# In which frame does the unit 2-sphere look locally flat?

1. Sep 24, 2006

### masudr

Can someone please tell me, the coordinate transformation that will make the following metric:

$$ds^2=dr^2 + r^2d\theta^2$$

look locally flat? Many thanks.

2. Sep 24, 2006

### George Jones

Staff Emeritus
I think that the transformation is already very familiar to you.

3. Sep 24, 2006

### masudr

Heh, fair enough. So I did sit down and think about it for a bit, and is it this one?

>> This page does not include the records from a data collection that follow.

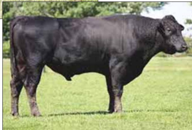
Michiyoshi, sire to Lot 16 embryos.
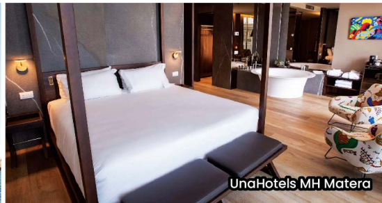
UnaHotels MH Matera
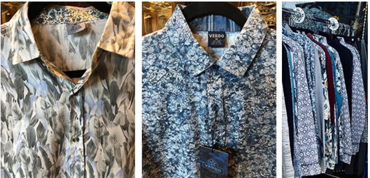
These fabulous shirts normally sell at around $59
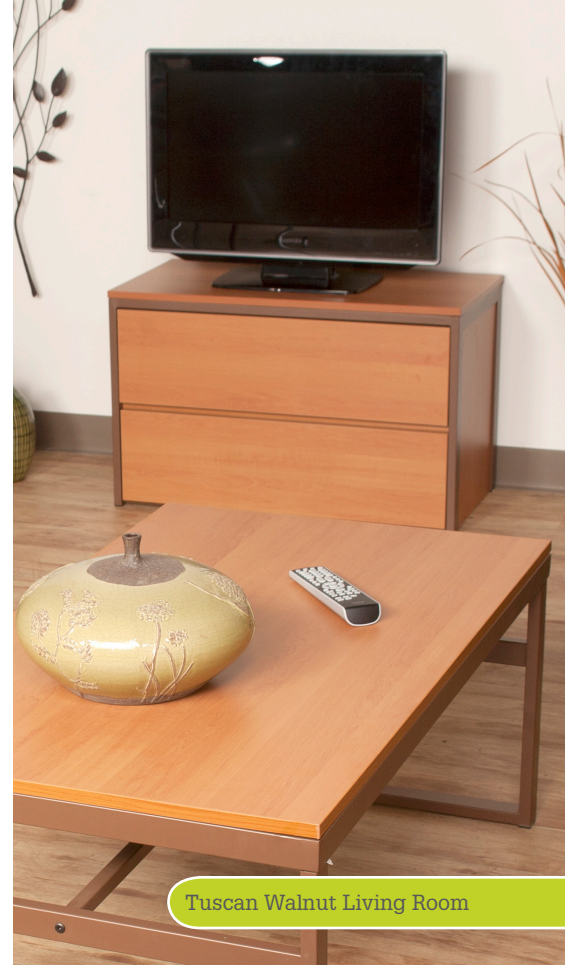
Tuscan Walnut Living Room

All products shown here are available with various wood, laminate and metal finish options. Our sales representatives are available to work with you in planning which look is best for your space.
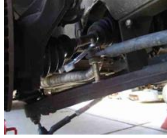
Disconnect the torsion arm bolt. If the rubber is worn or damaged, go buy a set of 1" polyurethane replacements from any parts dealer. This is the time to do it.
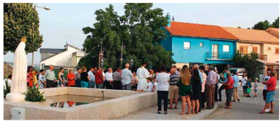
New place of cult to Our Lady in Sabrosa

This new religious site is intended to be a place of worship for the catholic community
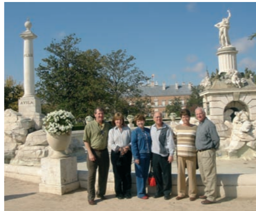
Shooting and sightseeing in Spain
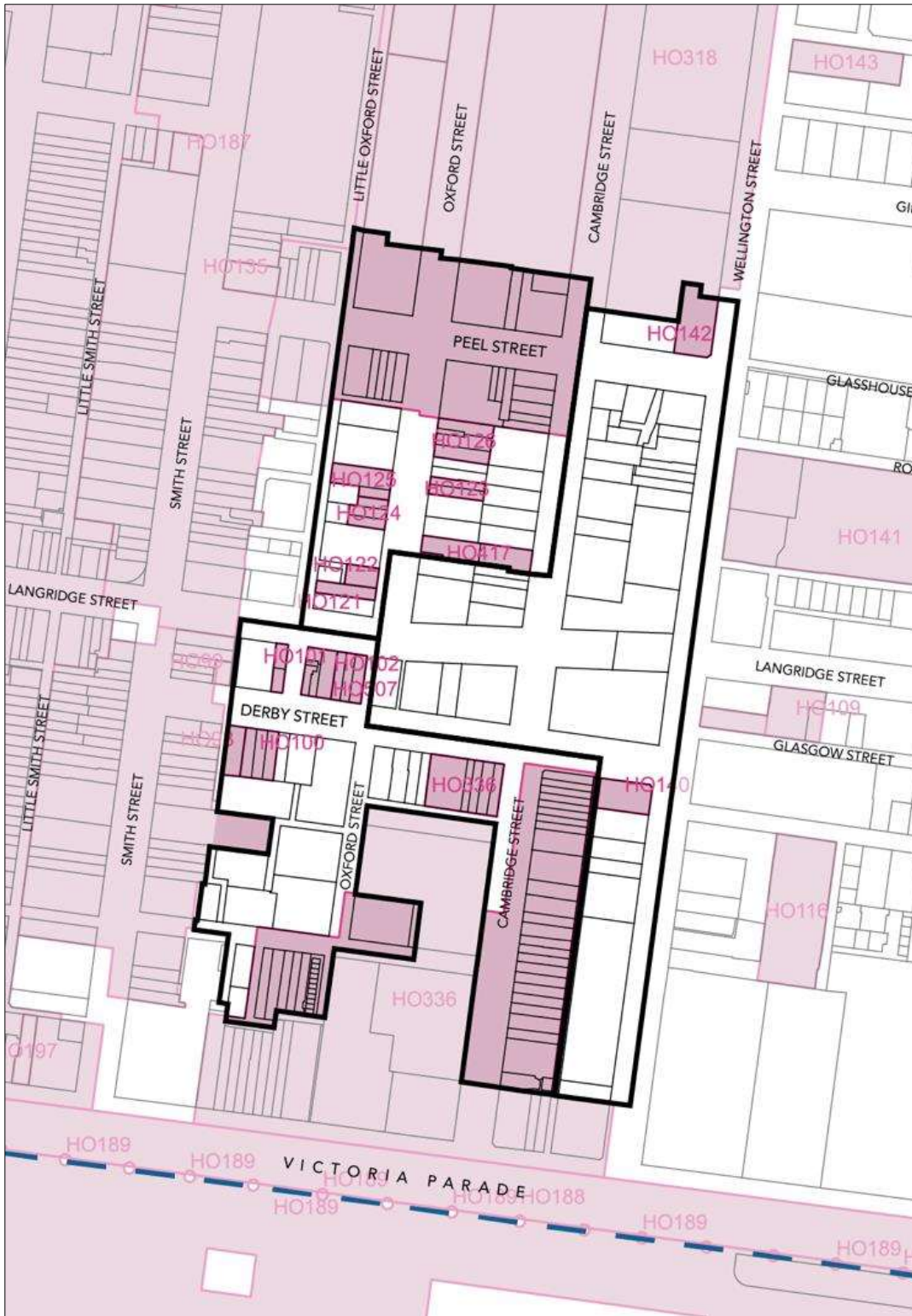
Figure 2 Location of Heritage Overlays within the Collingwood South Mixed Use Precinct

$$\left( \begin{array}{clrr} r' \\ \theta' \end{array} \right) = \left( \begin{array}{clrr} 1 & 0 \\ 0 & \mbox{\frac{1}{r}} \end{array} \right) \left( \begin{array}{clrr} r \\ \theta \end{array} \right)$$

So that:

$$dx'^\mu = \left( \begin{array}{clrr} dr' \\ d\theta' \end{array} \right) = \left( \begin{array}{clrr} dr \\ \mbox{\frac{d\theta}{r}} \end{array} \right)$$

So that:

$$ds^2 = dr^2 + d\theta ^2$$

Last edited: Sep 24, 2006
4. Sep 24, 2006

### George Jones

Staff Emeritus
Careful, if, e.g.,

$$\theta' = \frac{\theta}{r},$$

then

$$d \theta' = \frac{\partial \theta'}{\partial r} d r + \frac{\partial \theta'}{\partial \theta} d \theta.$$

Also, I'm now a bit confused. When, I first responded, I didn't really read the title of the thread. The metric you give in the original post seems not to be the metric for a 2-sphere. It looks more like the metric 2-dimensional plane written in terms of polar coordinates, and hence my first reply.